[HN Gopher] Building a better and scalable system for data migra...
       ___________________________________________________________________
        
       Building a better and scalable system for data migrations
        
       Author : YorickPeterse
       Score  : 64 points
       Date   : 2024-10-24 14:16 UTC (5 days ago)
        
 (HTM) web link (yorickpeterse.com)
 (TXT) w3m dump (yorickpeterse.com)
        
       | gregw2 wrote:
       | Considered doing the migration via Liquibase? I dont know that it
       | supports parallelism in the migration process but you could do
       | most of the rest in it (pre/post migration scripts, rollbacks,
       | test cases (within precondition changesets), etc... Not a real
       | programming language though; its xml config files or annotated
       | SQL scripts...
        
         | YorickPeterse wrote:
         | I hadn't heard of Liquibase until now. Taking a brief look, it
         | doesn't seem like it would be suitable though. For large scale
         | migrations you really need to be able to express arbitrary
         | logic ("migrate A to B but only if file X on the file system
         | contains Y"), which you can't do with something like SQL or
         | XML.
        
           | svieira wrote:
           | The great thing is, Liquibase even allows you to run
           | arbitrary programs as migrations using `customChange`:
           | https://docs.liquibase.com/change-types/custom-change.html
           | 
           | Though you can get a _long_ way with just specifying the
           | appropriate contexts before you kick off your migrations (and
           | tagging your changesets with those context tags as well): htt
           | ps://docs.liquibase.com/concepts/changelogs/attributes/co...
        
         | gelatocar wrote:
         | I found that liquibase doesn't really support rollbacks,
         | particularly with mysql as you can't do transactions for schema
         | updates, if the migration fails in the middle of an update it
         | just gets left in a half-updated state.
        
           | a8m wrote:
           | I'm glad to see I'm not the ~only one bothered by this issue.
           | This has been, and still is, one of the challenges in
           | managing MySQL schemas.
           | 
           | That's one of the reasons we implemented "migrate down"
           | differently than other tools.
           | 
           | I'm not here to promote my blog post, but if you are
           | interested in seeing how we tackled this in Atlas, you can
           | read more here: https://atlasgo.io/blog/2024/04/01/migrate-
           | down
        
       | brunoarueira wrote:
       | I liked the line of thought from the author and suffered similar
       | points at a much small scale! Once, I'd planned to do a
       | migration, which moved multiple columns from one table to another
       | and the associated data, but calculated wrong the time to
       | complete and the amount of CPU/RAM, if I'd the right tools,
       | probably I'd scheduled better and planned a better approach.
        
       | jensenbox wrote:
       | I have been eyeing up https://atlasgo.io/ - I am going to give it
       | a whirl soon.
        
       | jakozaur wrote:
       | The SQL migrations are when running in-place, hard to reverse
       | changes, where production is the only realistic env.
       | 
       | I wish there was a better way to run blue/green DB deployments.
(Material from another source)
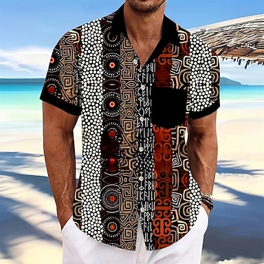 Męskie Geometryczny Etyka / Afrykańska Koszula Zapinana na guziki koszula Krótkie rękawy Vintage Retro Codzienne Lato Wiosna Wieczorne Druk 3D Jedna kieszeń z przodu Koszula z lnu Czarny

       | Though this feature is rare (e.g. gh-ost) and not that usable at
       | less than bug tech scale.
        
         | fabianlindfors wrote:
         | My project Reshape (https://github.com/fabianlindfors/reshape)
         | might be interesting to you, it's a bit like blue/green DB
         | deployments in that it uses a two-step process where it can
         | support both the old and the new schema at the same time during
         | the deployment phase.
        
       | fabianlindfors wrote:
       | For people interested in this subject, you might also be
       | interested in my project Reshape:
       | https://github.com/fabianlindfors/reshape. It takes database
       | migrations a step further than most tools, guaranteeing zero-
       | downtime migration for both schema and data changes.
        
         | oulipo wrote:
         | interesting thanks! How would it compare to other like
         | bytebase/bytebase, Xataio/pgroll, liquibase/liquibase,
         | flyway/flyway, graphile/migrate
        
           | oulipo wrote:
           | and why building a separate "reshapedb" if "postgres +
           | reshape" is good enough? won't this bring just more issues?
        
           | oulipo wrote:
           | also separate question but I feel it would be nice to have a
           | few "example" tutorials, where you go through setting a
           | database with fake data, with a sample app which queries it
           | in real-time in a different terminal and adds data or
           | interact, and then going through a few updates / reverts, and
           | be able to check that the sample app can still work perfectly
           | without having to close it and restart, would be a quite
           | useful "start tutorial" to get the idea of your lib
        
       | tianzhou wrote:
       | This post addresses the data migration specifics well. Besides,
       | there is the part about scaling the organization to deploy
       | database migrations. We've built a project
       | https://github.com/bytebase/bytebase to address this.
        
       | oulipo wrote:
       | Not directly linked to migration (although I'd love to know the
       | best way to handle those when you have a kind of Datalake with
       | big number of past tables that have been archived on S3)
       | 
       | I'm trying to move my database to Postgres, there is a part which
       | is "describing all the objects" (object id, properties, etc), and
       | a huge table which is a log of events, that I'm storing in case I
       | want to data-mine it later.
       | 
       | Of course this last table is:
       | 
       | huge (or should become huge at some point) better suited by
       | columnar storage might be archived from time to time on S3 My
       | initial thinking was to store it in Postgres "natively" or as a
       | "duckdb/clickhouse" extension with postgres-querying
       | capabilities, keep the last 90 days of data in the database, and
       | regularly have a script to export the rest as Parquet files on S3
       | 
       | does this seem reasonable? is there a "best practice" to do this?
       | 
       | I also want to do the same with "audit logs" of everything going
       | in the system (modifications to the fields, actions taken by
       | users on the dashboard, etc)
       | 
       | what would you recommend?
        
       | WJW wrote:
       | I agree with most points but would like to add one about
       | "tunability". This article focuses mostly on correctness, which
       | is of course important (and without which the whole system would
       | be useless) but in itself is often not sufficient for large
       | systems. I've seen it happen more than once that a big table
       | rewrite causes so much load the database might as well be down
       | completely.
       | 
       | One thing I would love to see implemented more thoroughly in
       | database systems is the ability to throttle and/or pause the load
       | that DML can impose. Normal SQL only says "what" the ALTER TABLE
       | should do, but the "how" is often rather lacking. At most you get
       | a CREATE INDEX CONCURRENTLY in postgres or an "ALGORITHM=instant"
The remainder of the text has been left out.